Sex, punk and protest – what makes up design genius Vivienne Westwood

Sex, punk and protest – what makes up design genius Vivienne Westwood

Chief rebel of the fashion world, Commander of the Order of the British Empire, and eco-activist. All these words perfectly describe today’s birthday girl, Vivienne Westwood. The Punk Queen turns 81. In her 50 years of fashion, she went from being a rebel to a national treasure, revolutionizing the industry and most importantly visualizing British punk.

Everything he did, from daring demonstrations to solo performances, was filled with the spirit of protest and freedom. Take, for example, her appearance at Buckingham Palace during the presentation of the Order of the British Empire in 1992. Then Westwood came to a meeting with the Queen without underwear.
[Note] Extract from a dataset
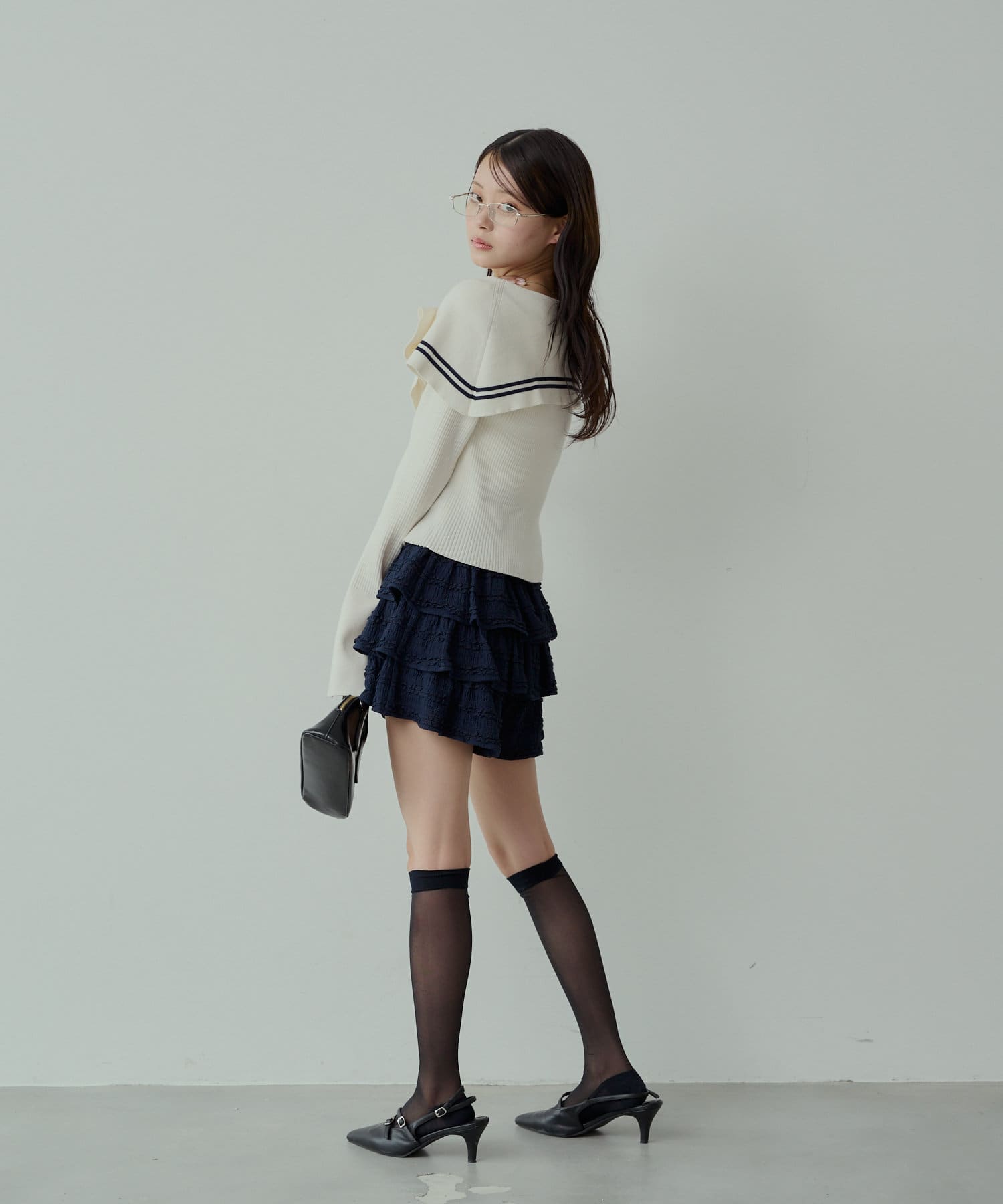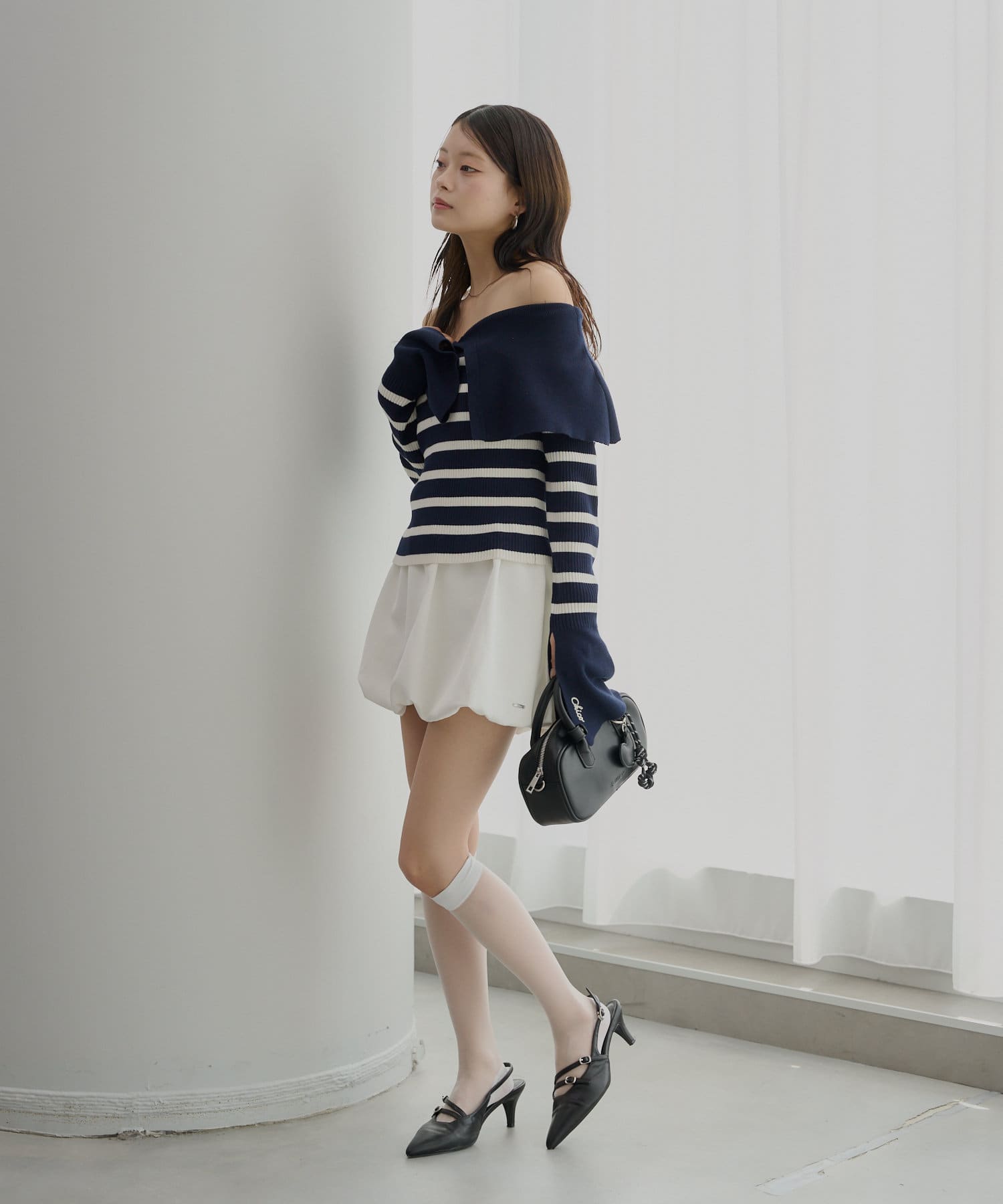 ・スカートやミニボトムと合わせるとより女性らしさの際立つコーデに◎

Westwood’s performances deserve special attention. Each show was filled with theatricality and fascinating scope. The models walked the runway in mohawks and overly high heels (even Naomi Campbell couldn’t resist).

He was not afraid of condemnation, expressing his position through collections, trying new things and doing what designers had not dared to do before. Today, on the occasion of his birthday, we are talking about the highlights of the designer’s career.


sex

Vivienne Westwood and Malcolm McLaren (Photo: legion-media.ru)
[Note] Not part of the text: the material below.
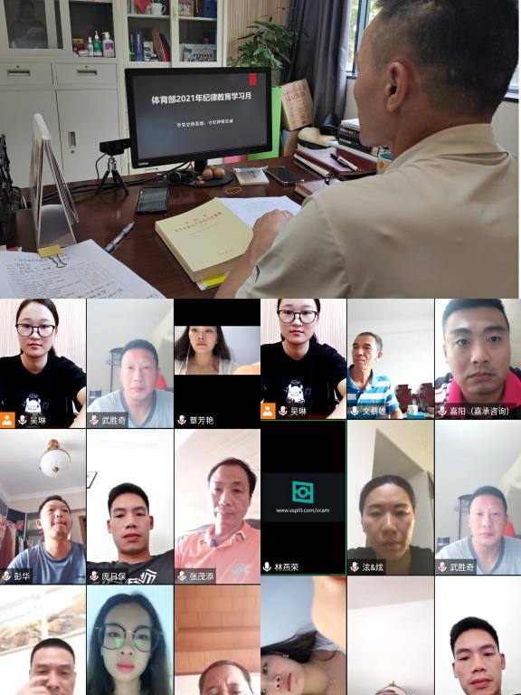 为深入学习贯彻习近平新时代中国特色社会主义思想,贯彻落实习近平总书记在十九届中央纪委五次全会、党史学习教育动员大会、庆祝中国共产党成立100周年大会上的重要讲话精神,充分发挥全面从严治党引领保障作用,坚定不移深化反腐败斗争,体育工作部于9月16日上午,在五山校区办公室召开9月纪律教育学习和师德师风建设工作视频会议,会议由体育工作部主任林燕荣主持,体育工作部全体教师参会。

In the mid-1960s, Vivienne Westwood met the director of the Sex Pistols and her life changed radically. She turned from an ordinary school teacher to the main visualizer of punk. In 1971, McLaren and McLaren opened the Let it Rock store on Kings Road. It wasn’t until the spring of 1974 that she got her iconic name, SEX.

A large foam plastic sign with the inscription SEX in pink has been placed on the front of the boutique. Very quickly, the store has become the main power place for all vagrants. And all because you can buy fetish clothes, torn sweaters, and t-shirts with rebellious phrases like Destroy and No future out there. This is all Westwood and McLaren’s job.


“God save the Queen”

Vivienne Westwood and Malcolm McLaren (Photo: legion-media.ru)

In 1976 the world saw one of the most important creations of Vivienne Westwood. At the height of the punk era in Britain, the designer was inspired by World War II in an oval frame. She presented a portrait of Elizabeth and a long-sleeved gown that said God Bless the Queen screaming on it. It was created by artist Jamie Reid for the cover of the Sex Pistols’ self-titled album. And Vivien transferred the art to clothes.


“Pirates”

Vivienne Westwood 1981 (Photo: Getty Images)

Vivienne Westwood’s debut on the podium took place in 1981, when she was just over 40 (by fashion world standards, this is considered a rather late start). The punk queen’s first collection was called “Pirates” and was inspired by the relevant historical event. The models walked on the runway wearing captain’s hats with wide belts, buckled boots, and loose sea-patterned trousers. And underwear was created in the likeness of models of the XVIII century.

The result was a genuine 20th century pirate uniform in Westwood reading. By the way, the designer has repeatedly said that this show marks the beginning of her fashion career. Because it was after the first show that major retailers such as Bloomingdale’s, Henri Bendel, Macy’s and Joseph became interested in Westwood’s work.


“This Woman Was Once Punk”

Although by the late 1980s Westwood was no longer so radically opposed to the government, the spirit of rebellion persisted throughout his work. Here is one of many proofs. In 1989, the designer created a suit for the then British Prime Minister Margaret Thatcher. But before posting, Westwood wore it for a Tatler magazine shoot. The result was a truly hooligan number one. The designer appeared in the image of Thatcher (the resemblance is truly striking) and the caption read: “Once upon a time, this woman was a vagrant.” They say that the Prime Minister was enraged after such a scandalous trick.


“We sold our souls to consume”

Vivienne Westwood (Photo: Jack Taylor/Getty Images)

Vivienne Westwood turned every show into a performance. In 2012, she asked everyone in the front row to wear Julian Assange T-shirts, took the runway in arms at the finale of the 2018 spring-summer show, and sang monologues about models at the show the following year. fight against corporations. I would like to talk in more detail about the latter, at least the issue of ecology and environmental protection worried Westwood long before it became fashionable. He attended rallies and protests in the early 2000s and soon launched the famous Climate Revolution campaign.

Vivienne Westwood Fall Winter 2019/2020 (Photo: Vogue Runway)

For the 2019 fall-winter season, Westwood published a campaign encouraging people to buy less clothes. After some time, the same show performance took place: the models walked along the runway and sang monologues on the topic of ecology, and in the finale Westwood sang the song.

Behind him, all those attending the demonstration stood and carried banners that read, “We sold our souls to consume.”